Bill snorted, "You and the other eight billion people on the planet. I wouldn't worry about it."
"This is everlasting, unending afterlife we are talking about. If I end up in hell…well as the kids say today, that would suck."
Laughing Bill said, "You're not dead yet, can't you repent?"
"I already have."
"So you should be all set. Are you trying to save me now?"
"No, I sat through enough sermons to know I ain't a preacher. But Bill, I have to tell you something."
"Shoot."
"I prayed a lot over the years and never saw anything come of it, I never got an answer. But lately, Bill, I've been getting answers."
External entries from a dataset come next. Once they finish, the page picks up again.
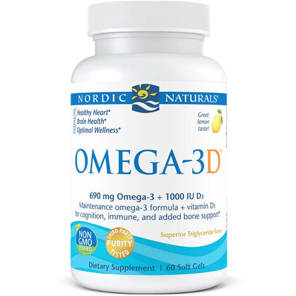 Every body needs omega-3s—and also vitamin D3—to stay healthy. Nordic Naturals' non-concentrated Omega-3D liquid and soft gels give you a convenient way to get healthy amounts of both of these essential nutrients on a daily basis.* Omega-D3 adds 1000 IU vitamin D3 (cholecalciferol), the form of vitamin D your body makes naturally from sunlight, to this formula. So you get all the health benefits of omega-3 EPA+DHA plus all the bone-building and immune-strengthening support of vitamin D, in one great-tasting serving.
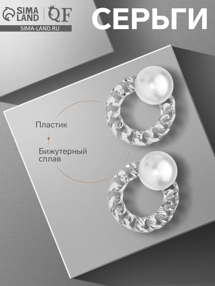 Серьги с жемчугом «Абстракция» цепь, цвет серебро — Характеристики
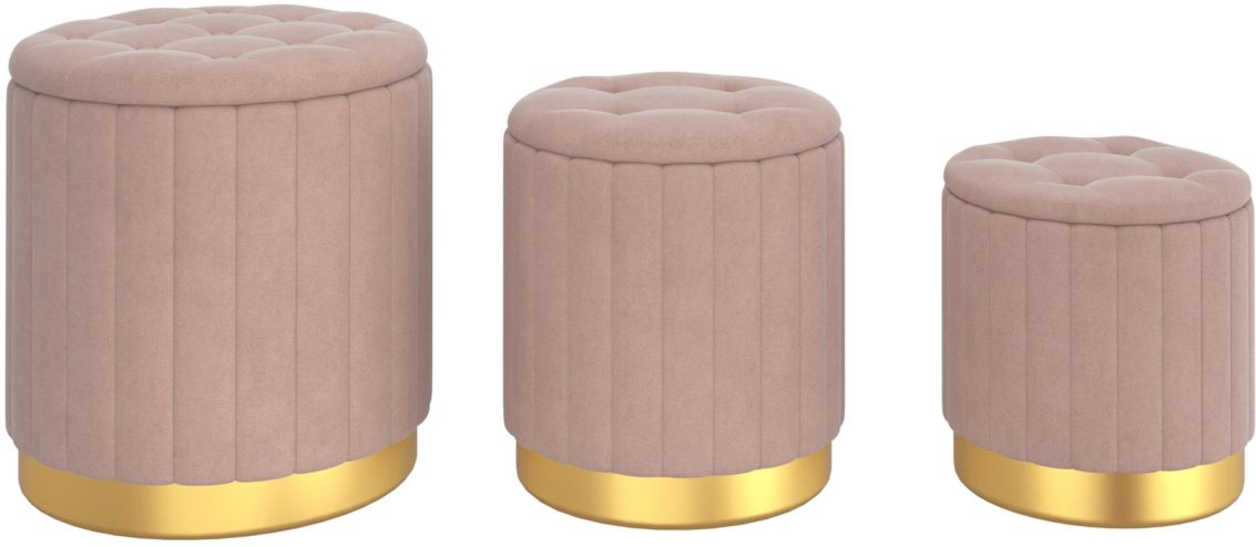 Give everyone a chance to put their feet up and relax with this 3-piece ottoman set. Each piece has it's own ample storage space, perfect for stashing throw blankets, game remotes, books, etc. Smaller pieces all nest inside the larger one so it's quick and easy to declutter when you want. Simply pull out and spread around the room as required. The beautiful vertical tufting and velvet upholstery is paired perfectly with the shiny gold stainless steel base - a sparkling finish!Read More
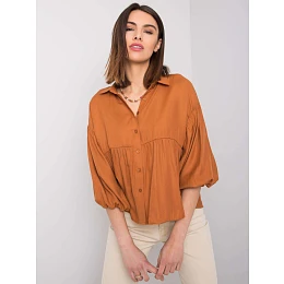 RUE PARIS Hnědá košile s ozdobnými rukávy.
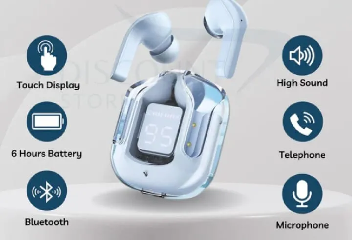 Air31 Wireless Headphones LED Power Digital Display Stereo Sound Bluetooth | compatible 5.3 Earphones for Sports Working | Transparent Digital Display | A31 Wireless Bluetooth Earbuds
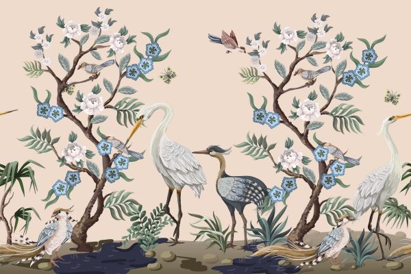 Colourful herons near blossom trees. Combine this photo wallpaper in your children's room and create a cheerful atmosphere.
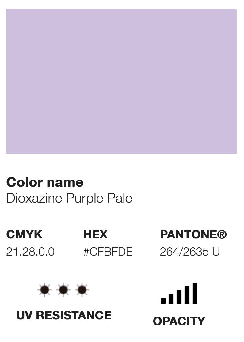 Etykieta farby wyświetla swój odpowiednik koloru w różnych opcjach chromatycznych, takich jak Pantone, RGB i CMYK, a także inne informacje techniczne, takie jak poziom krycia, U.V. odporność i kod pigmentu, który wykorzystuje.
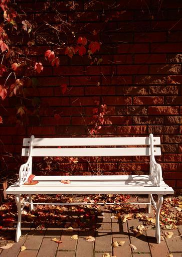 White-bench-near-a-brick-wall.jpg (2094x2950)
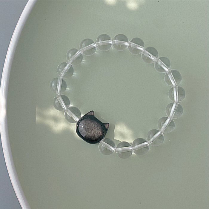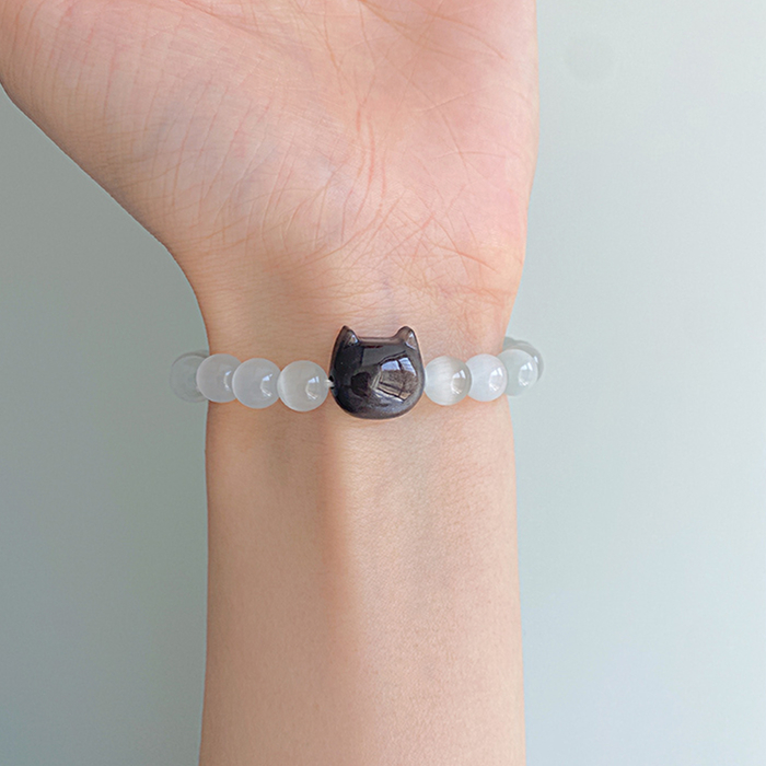 Silver Obsidian Cat White Crystal Sweet Cool

Bill stared at the old man for a minute, "Like, voices in your head answers? Or 'prayers coming true' sort of answers?"
The old man looked out into the night, focusing on something that Bill couldn't see, he cleared his throat before answering, "I'm not crazy, at least I don't think so. At first I ignored them. It's like, well you ever been to a baseball game?"
"I've been to a few I–Cubs games, but never to a major league game."
"It's kind of like that, the crowd just sort of murmurs in the background, making a noise you just overlook to get on with your own talking. But when you are at a game and your own conversation stops, you might pick up on what people nearby are saying. You following me?"
"Yeah, or even at a restaurant."
"Yes, like that. Well if I kind of stop thinking about anything in particular, I can hear people. I thought it was just people like you and Stewart the other day. But it's not just them. It's people I can't see. People I am pretty sure are dead."